Bold from the beginning, Maame Blue introduces her romance’s protagonist with five simple but illuminating words: ‘I am not a romantic.’ With this auspicious opening, her debut novel confidently takes us into the life and loves of Ekuah Danquah, a Londoner with a Ghanaian background. As the start indicates, this is not your typical happy days romance, or even redemptive break-up romance. Rather, it is a tender and excruciating exploration of the many forms love and affection can take – from first love, to parental love, to love that matures within partnership and respect.

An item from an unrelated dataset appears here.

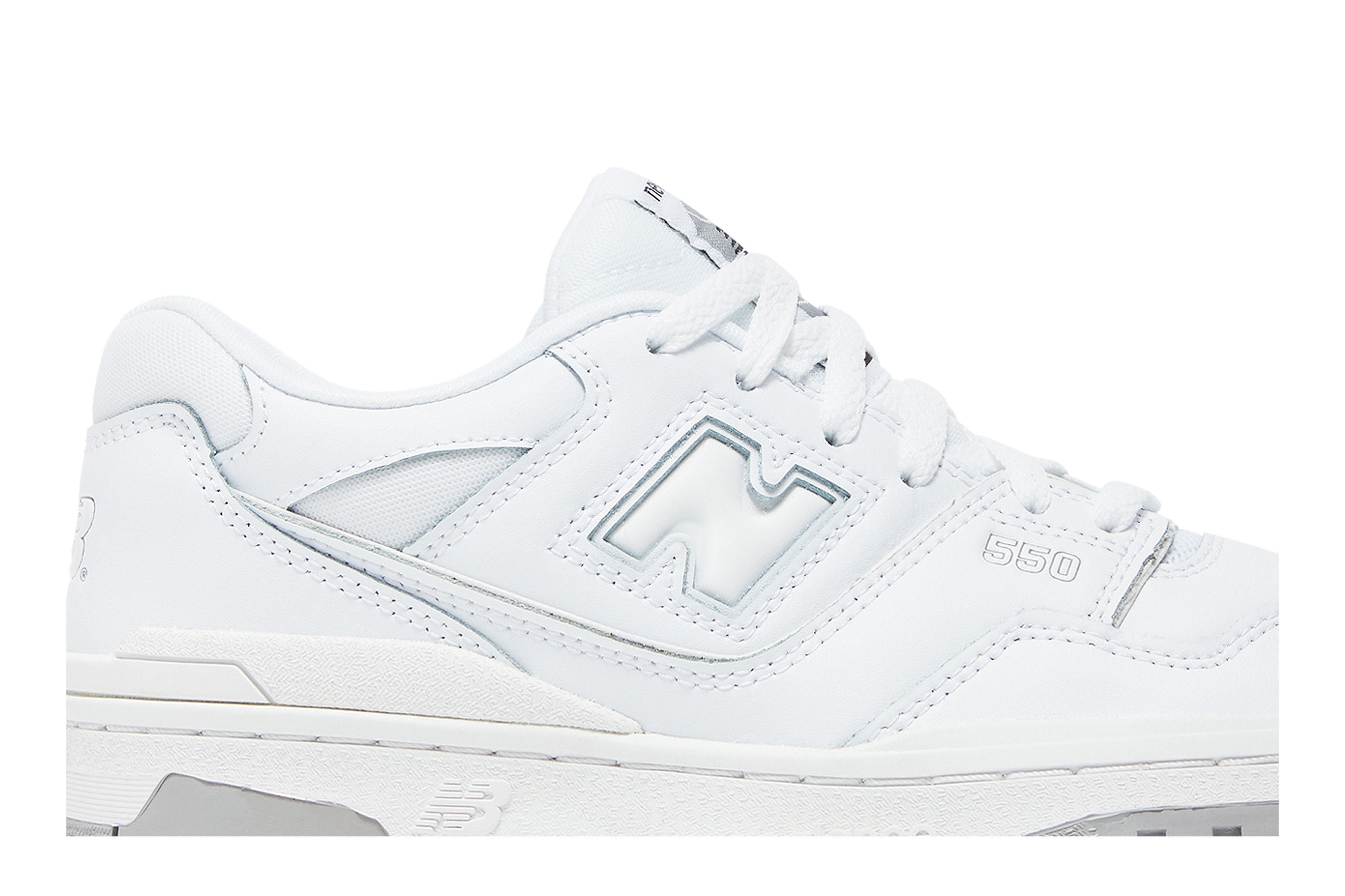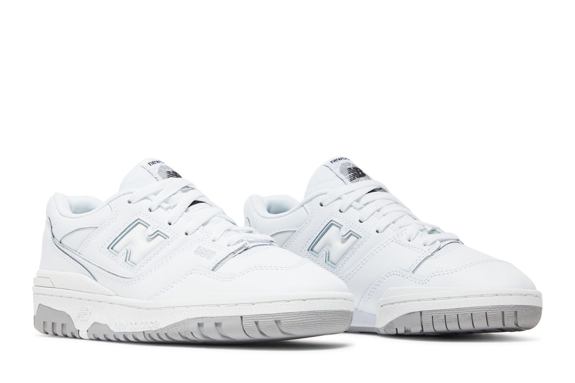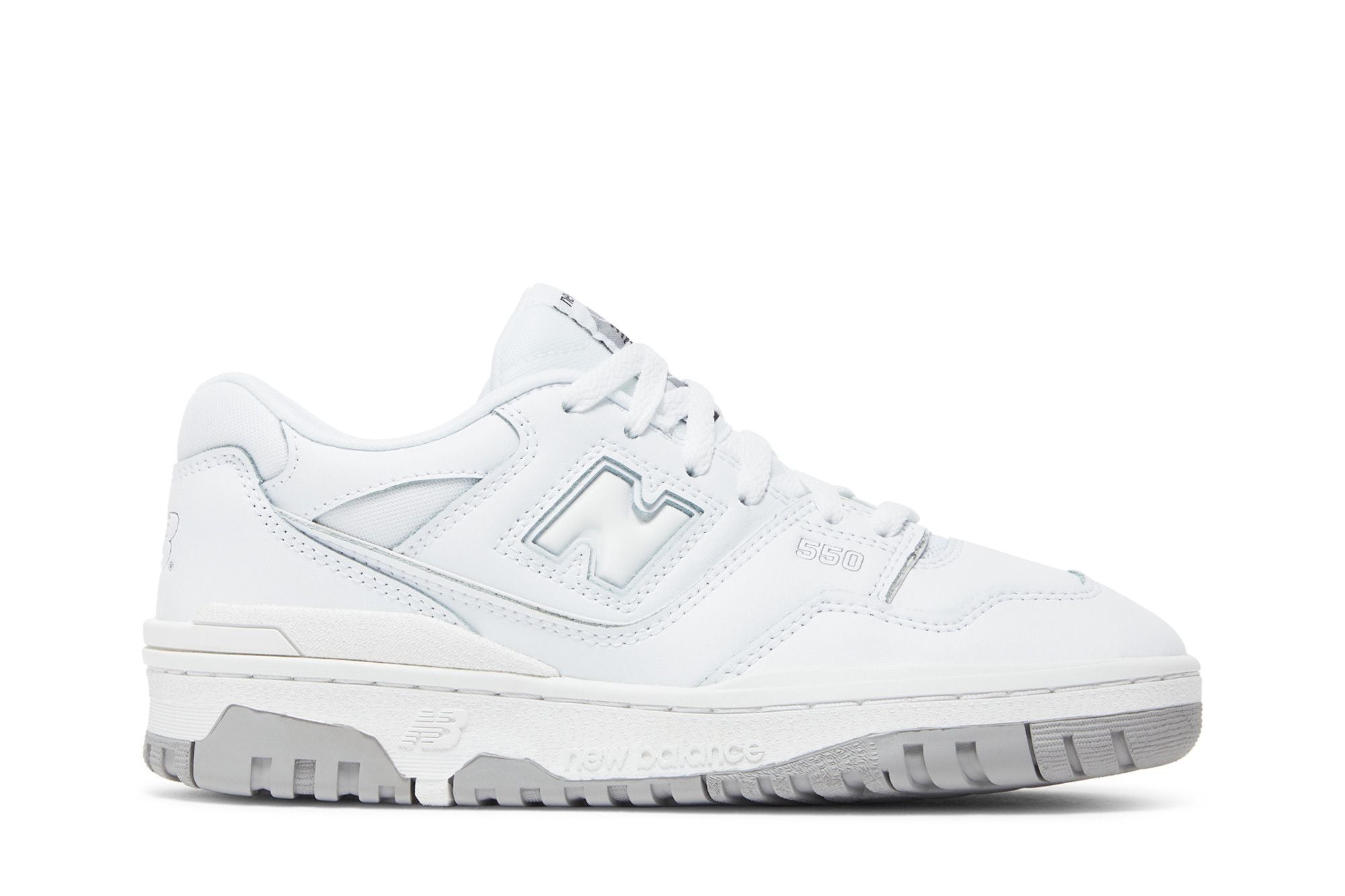 The New Balance 550 White Grey for boys features a white base with a mix of smooth and perforated leather. However, it differentiates itself by applying pearl grey accents exclusively to the outsole. A bit of branding on the tongue, quarter panel and midsole adds the finishing touches. See full specs at New Balance .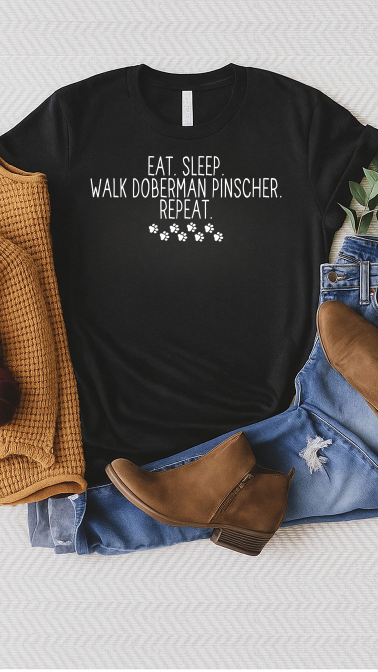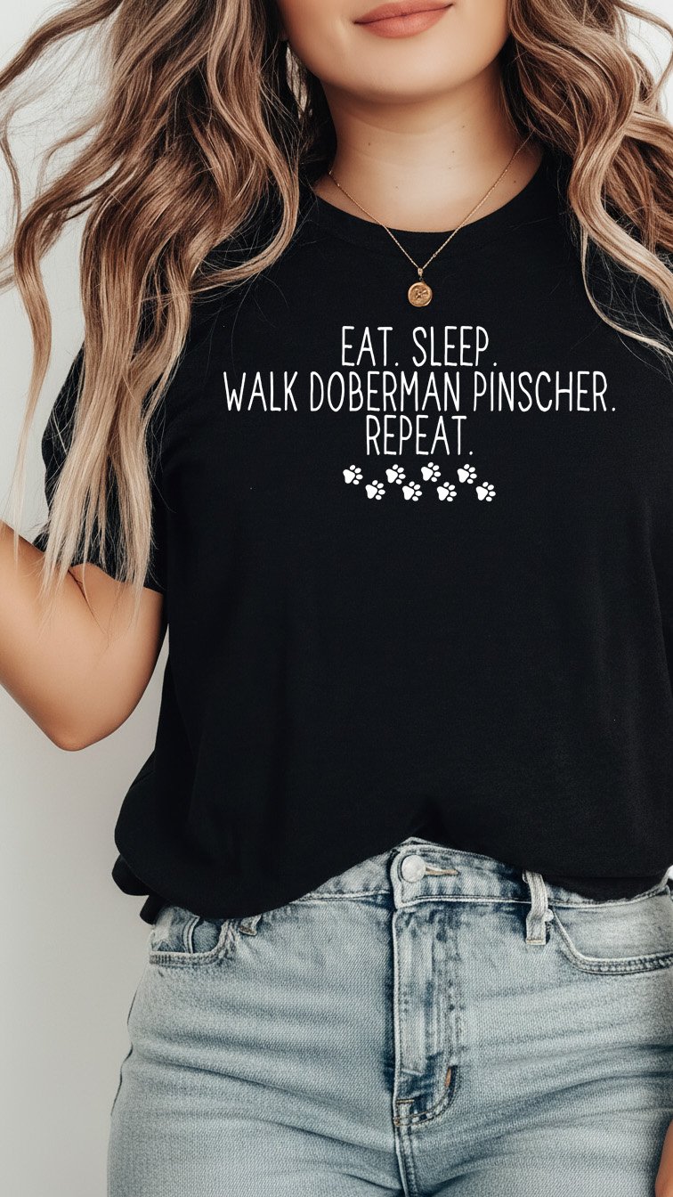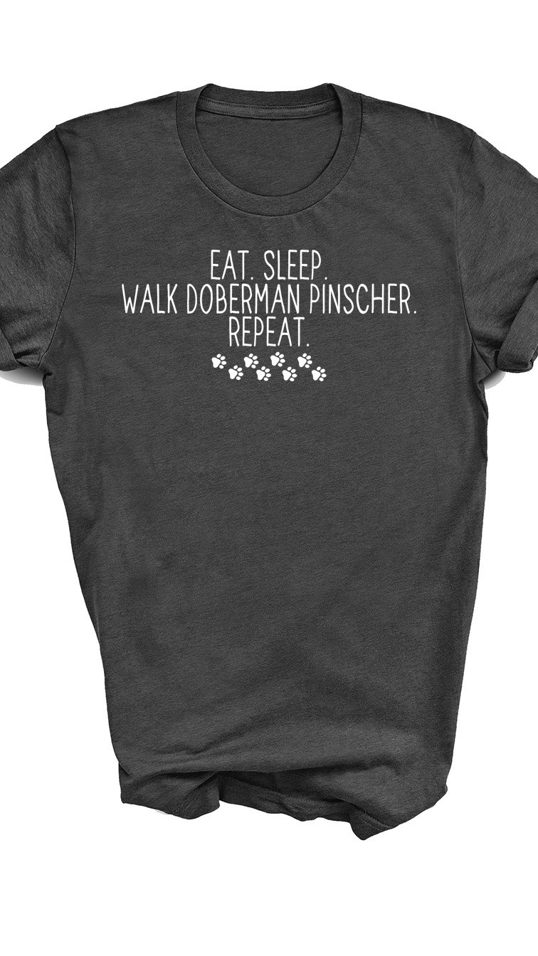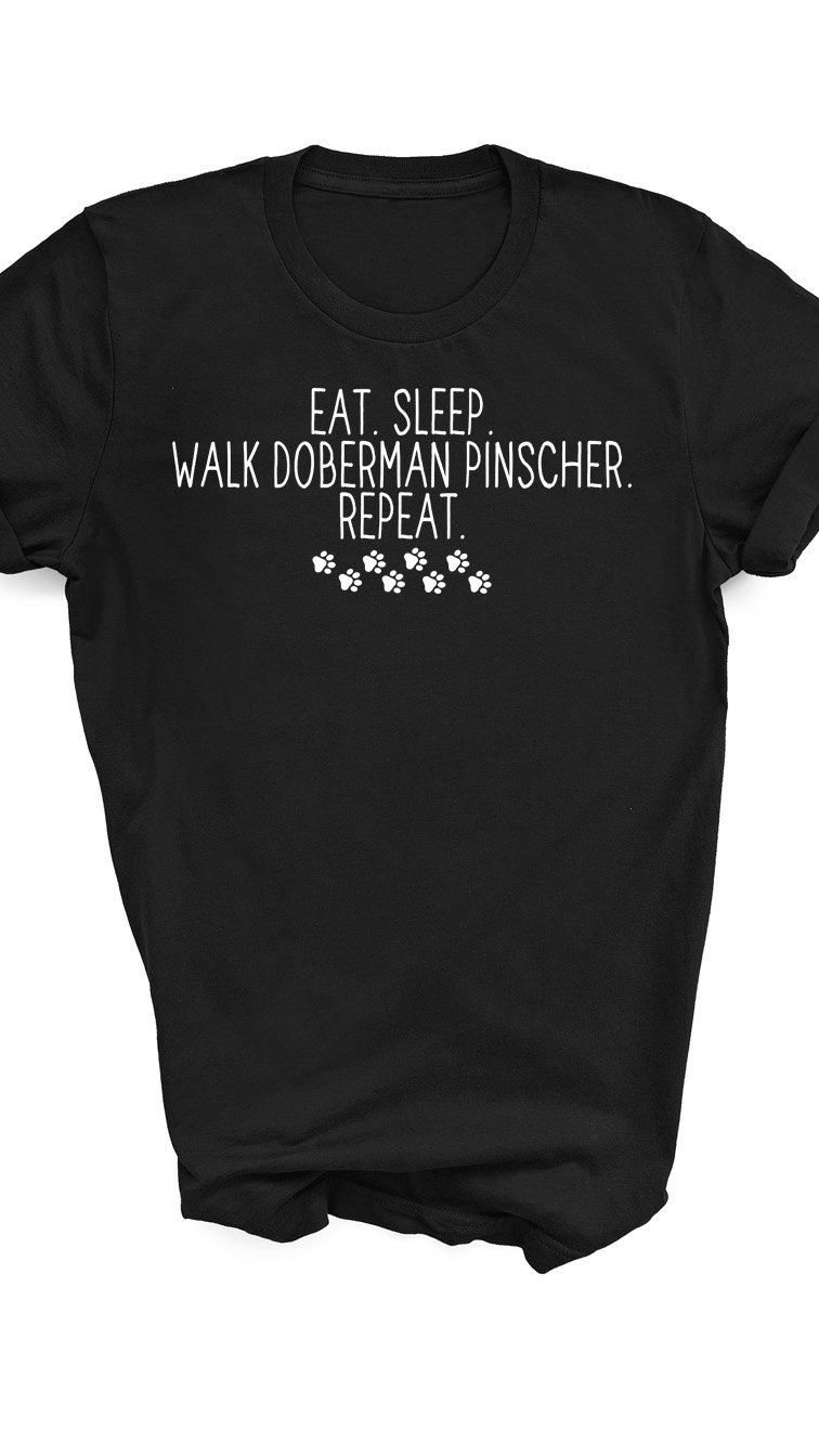 Eat Sleep Walk Doberman Pinscher Repeat T-Shirt - Doberman Mom Tee - Sleek Guardian Dog Lover Gift

What is singularly powerful about Bad Love, and commendable for this reason alone, is that the winners and losers in love are all Black. It’s so unusual to have a Black woman lead in a romance story, that it is sadly still remarkable. As this tide begins to shift, Maame Blue joins a small coterie of Black woman writers, such as Sareeta Domingo and Frances Mensah Williams, who successfully specialise in creating romantic, believable Black heroines, with all kinds of choices to make, for their readers.
While this book is about love and romance, it also centres growing up and making a life for yourself on your own terms. Across seven years we follow Ekuah as she leaves home to attend university, takes on community work in her spare time, begins her career, and eventually turns a side-hustle producing poetry/spoken word shows into a successful international career. Not only are we treated to scenes of London that only a local could render so authentically, but we also get beautiful vignettes of Paris, Accra and Venice vividly painted by an author intimately familiar with the terrain.
While at one level it is a coming of age tale, the heart of the book can be found in the relationships – not just with the men she lets into her life, but with that first and most intimate relationship we begin with our parents. Maame Blue’s wonderful writing brings out Ekuah’s parents, as their life with each other and with Ekuah evolves. The plot line brings to mind Bernardine Evaristo’s Mr Loverman (2013), but as the perspective is that of Ekuah, the focus is quite distinct.
Though Bad Love centres romantic trauma and shedding self-obsession, it was ultimately a fun and easy read – truly a testament to Maame Blue’s powers of relatability and writing prowess. Not a typical romantic myself, I found myself drawn to the sections about the growth of the spoken word business, as they lovingly described a world taken from us by lockdown. As we wait to emerge from our chrysalis, it is nourishing to take in visions of creative and romantic growth such as Maame Blue writes, and illustrator Dapo Adeola visually encapsulates in his stunning cover. Bad Love is part of the independent publisher, Jacaranda’s brilliant campaign, #Twentyin2020, to publish twenty new books by Black authors across all genres this year. The initiative is being run in collaboration with writers’ development agency Words of Colour. Such a superb idea to celebrate the talent and variety of writing that is coming through with this platform.